Who the fuck is this person? you think with disgust as you read my apathetic reaction to Steely Dan’s performance at Ruth Eckerd Hall. You find yourself compelled to school me on my apparent lack of knowledge, compose an angry response listing all the reasons I am wrong, berate my abilities as a journalist and my failure as a music critic overall. WHAT THE FUCK DO YOU KNOW AND WHY THE FUCK SHOULD I CARE? you conclude in all caps so I can’t ignore your ire. I can almost hear your self-righteous click of “Submit Comment” button.

You have a valid point. Who the fuck am I and why does my opinion matter so much more than those other idiots who came before me who you also thought were chattering out of their asses?

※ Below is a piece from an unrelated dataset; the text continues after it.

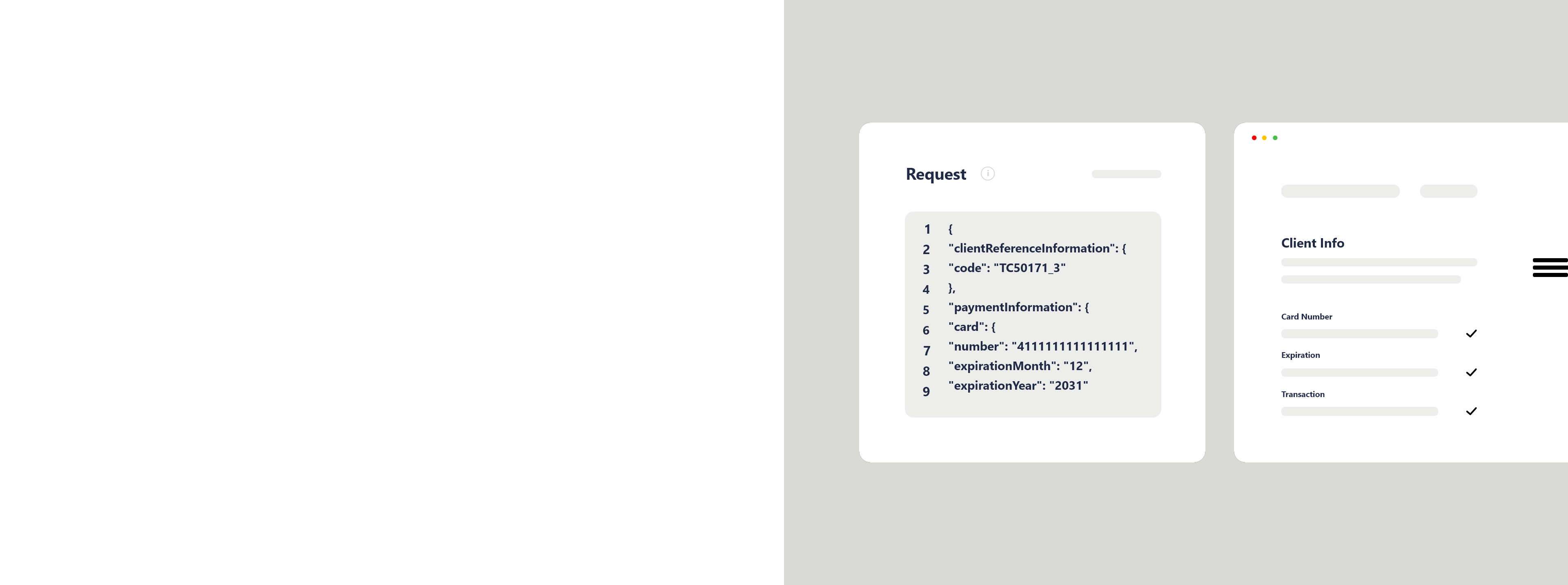 View sample code and field descriptions. Send requests to the sandbox and see the responses.

I am a near-native who’s covered all aspects of Bay area culture for Creative Loafing for nearly six years. While I never aspired to be the paper’s music editor, my love of music eventually and naturally led me to write about it, to attempt to put those intangible moments of joy and sorrow to paper and describe the seemingly indescribable, to relay a sound or a feeling or a mood or a texture with words, to try and offer an objective look at something inherently subjective, something based on experiences and background and taste and even my mood at any given time. I’ve been writing and listening to music for a long time. I don’t pretend to know everything but I approach all music with an open mind and a willingness to build upon what I already know.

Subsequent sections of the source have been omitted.